**PROMPT:** Search the data for "zanjas" and copy every matching line.

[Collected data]
_ _ _ _

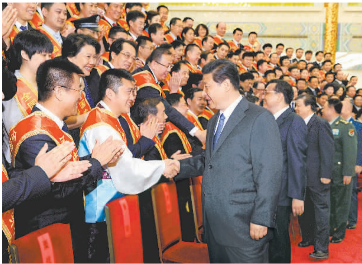
会第六次全国军转表彰大会受表彰代表
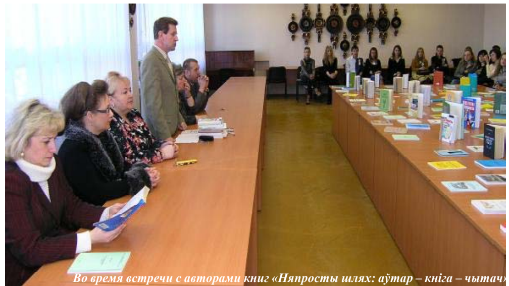
Во время встречи с авторами книг «Няпросты шлях: аўтар – кніга – чытач»

Ректорат, Совет ветеранов, профкомы сотрудников и студентов
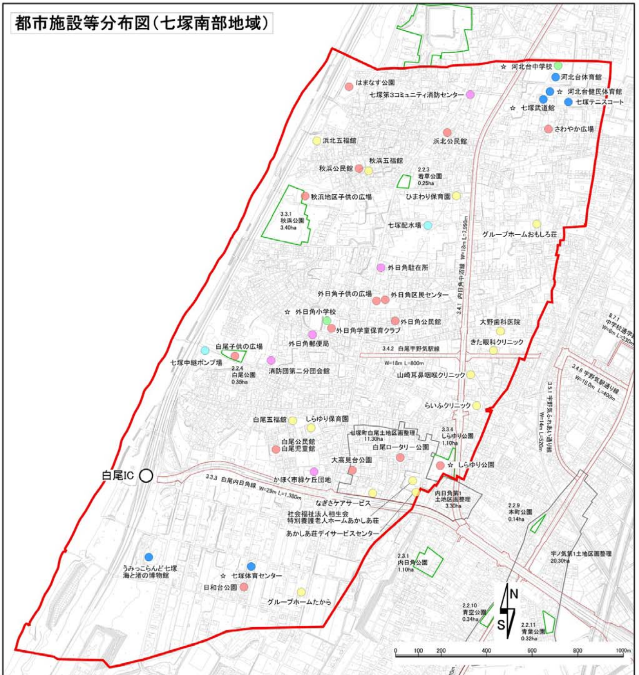
都市施設等分布図(七塚南部地域)
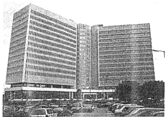
Ενδιαφέρ- τηλεπικοινωνιακό της Σερβίας αναμένεται να εκδηλώσει ο ΟΤΕ.
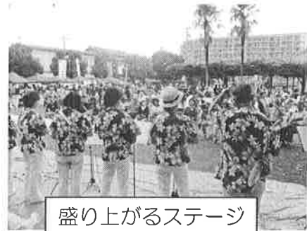
盛り上がるステージ

模擬店は、14店出店しました。一番の人気は、なんといっても実行委員会が行う、生ビールの販売です。行列ができるほど賑わっていました。焼き鳥、から揚げ、焼き餃子、焼肉、たこ焼き、ポップコーン・・・と、どの店も工夫して美味しいものを皆さんに提供していました。
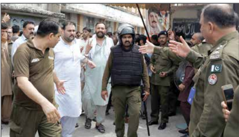
الشرطة تعتقل حلفاء رئيس الوزراء السابق المتهم بالفساد

يخططون لتنظيم مسيرات إلى المطار لاستقبال زعيمهم، وذكرت قناة إخبارية أن السلطات الفت القبض أيضا على أعضاء منتخبين من المجالس المحلية للحزب في عمليات مدمرة لثلاثتهم. كما أُلغيت الإدارة المحلية جميع الطرق المؤدية إلى المطار للتصدي لأنصار شريف خوفا من التجمع لمنع الشرطة من إلقاء القبض على الزعيم السابق. وكانت إحدى المحاكم المعنية بالنظر في قضايا الكسب غير المشروع قد حكمت على شريف وابنته بالسجن عشر وثماني سنوات (على التوالي) الأسبوع الماضي بتهم فساد. ويوم صدور الحكم، قال شريف إنه سيقدر لندن حيث يقام هناك بشكل مؤقت منذ ٢٠١٧. وأضاف في مؤتمر صحفي «لن أكون عبداً لأولئك الذين ينتهكون قسمهم ودستور باكستان (في إشارة إلى القضاة الذين حكموا عليه بالسجن).
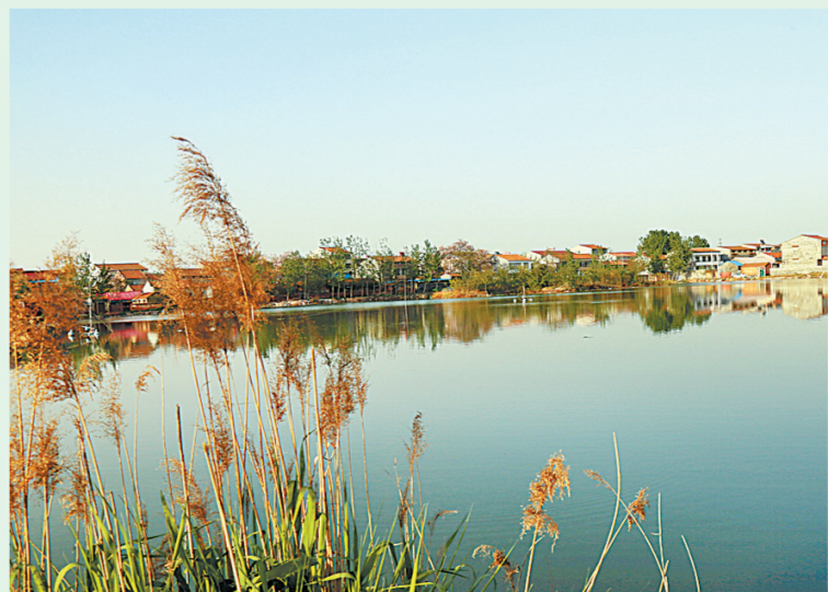
宁陵县东南湖是人们休闲娱乐的好去处。
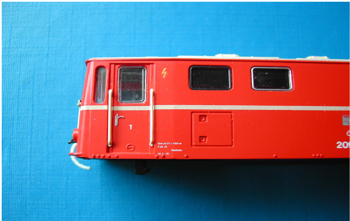
Gehäuse nach anbringen der Griffstangen und Lackierung

Nach den herauslösen der Griffstangen aus dem Spritzlingteil werde diese noch entgratet und vorbereitet für die Verklebung. Zum verkleben wird Superkleber Toolcraft Rapid 150 verwendet, beim kleben ist darauf zu achten das nicht zuviel Kleber auf die Griffstangen kommt. Tip einen Tropfen Superkleber mit einen Zahnstocher auf eine nicht saugende Fläche geben, danach kann man die Griffstange an den Klebefläche exakt eintauchen und danach auf das Gehäuse aufkleben.
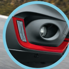
Moldura para faro.
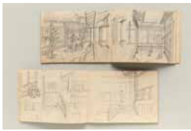
『春琴物語』(1954年、伊藤大輔監督)スケッチ帖
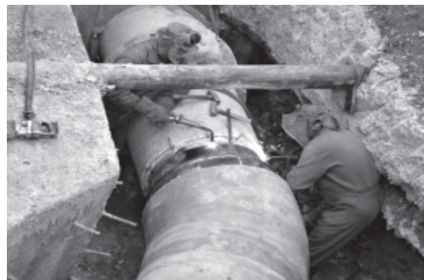
Figura 1. Trabajo en zanjas grandes

La profundidad media aproximada de las zanjas es de tres metros, lo que conlleva colocar la entibación de la misma en función del terreno.
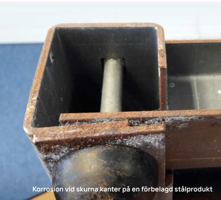
Korrosion vid skurna kanter på en förbelagd stålprodukt
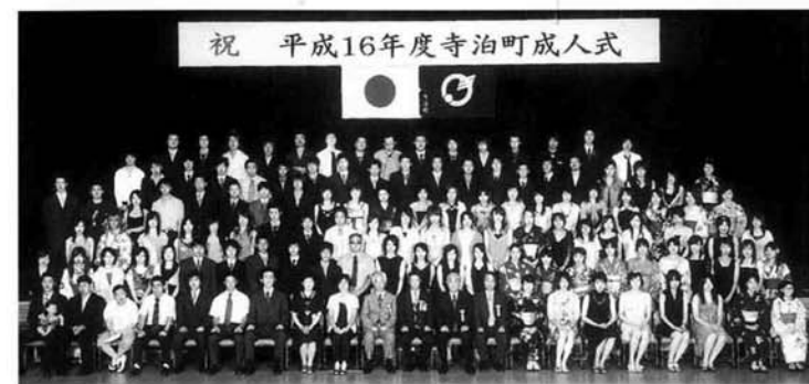
祝 平成16年度寺泊町成人式

_ _ _ _

**SOLUTION TO THIS TASK:**
Figura 1. Trabajo en zanjas grandes
La profundidad media aproximada de las zanjas es de tres metros, lo que conlleva colocar la entibación de la misma en función del terreno.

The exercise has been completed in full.